Può essere perciò utile considerare il melodramma come un genere che attraversa fasi molto diverse le une dalle altre, ma che è in linea di massima identificabile con le varie configurazioni che, secondo le precedenti teorie, sono in esso incluse: una buona parte del cinema degli anni del muto, la stagione dei women’s film degli anni ’30 e ’40, i melodrammi familiari degli anni ’50, ecc.
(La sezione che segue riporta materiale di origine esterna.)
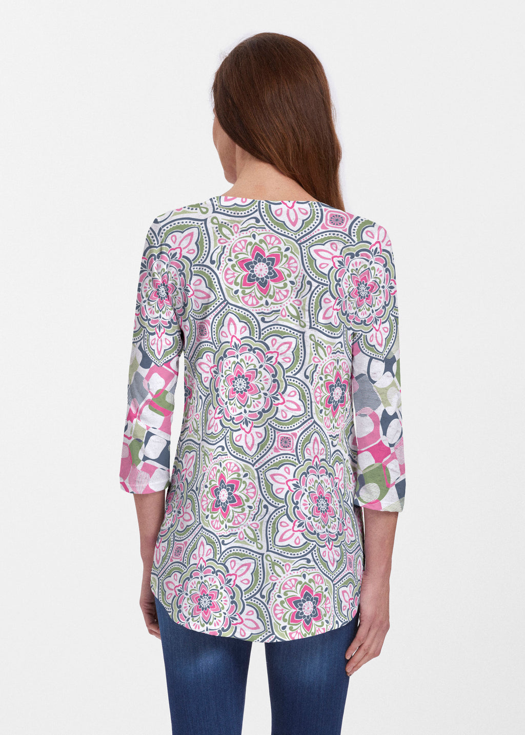 This v-neck tunic in our Signature burnout fabric is forever flattering. 3/4 sleeves and a v-neck flow into a full, swinging shirttail hem.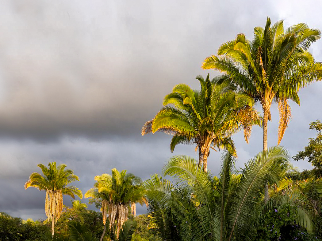I really like the lighting of this image. You definitely picked the right time of day. I am not a fan of the branches in the top left. As well the image was taken with an upward angle causing the trees to appear to be leaning. This is an easy fix in lightroom by clicking on the vertical option in the transform settings. It is not too difficult to clone out those upper branches and lower branches on the left to simplify the image and bring all the focus to the main palm trees. The clouds add a bit of moodiness to the image and make me wonder if a storm is coming but there are still rays of happy sunshine on the trees. It provides a nice contrast in the image. Great choice in camera. I have heard very good things about that camera. I personally like a crop with all 4 trees. I know some say that groups of 3's work better but in this case I like all 4 trees. |

Il risultato è un genere articolato in diversi sottogeneri a seconda dei tratti semantici o sintattici di volta in volta presenti, ma che permette di gestire le relazioni reciproche tra i film che fanno parte del suo corpus, un obiettivo più concreto di quanto potrebbe offrire la teoria del melodramma come modalità.
158 S
INGER (2001, 53).
159 Neale (1999, 199-202) spiega le divergenze tra i diversi usi del termine melodramma con l’esistenza di
due distinti modelli teatrali: il “melodrama” vero e proprio, destinato ad un pubblico popolare e caratterizzato da un’azione concitata e dal ricorso a complicati macchinari scenografici, e quello che alcuni storici del teatro chiamano “modified melodrama”, la sua variante più intimista creata in funzione di un pubblico borghese. Secondo la teoria di Neale, appoggiata anche da Singer, l’industria cinematografica farebbe riferimento al primo modello, e questo spiega perché il termine fosse usato a proposito di film come Scarface (Howard Hawks, 1932); i teorici del melodramma, invece, avrebbero fatto riferimento al secondo modello, e questo spiega il perché il corpus del genere sia composto prevalentemente dai women’s film e dai drammi familiari degli anni ’50.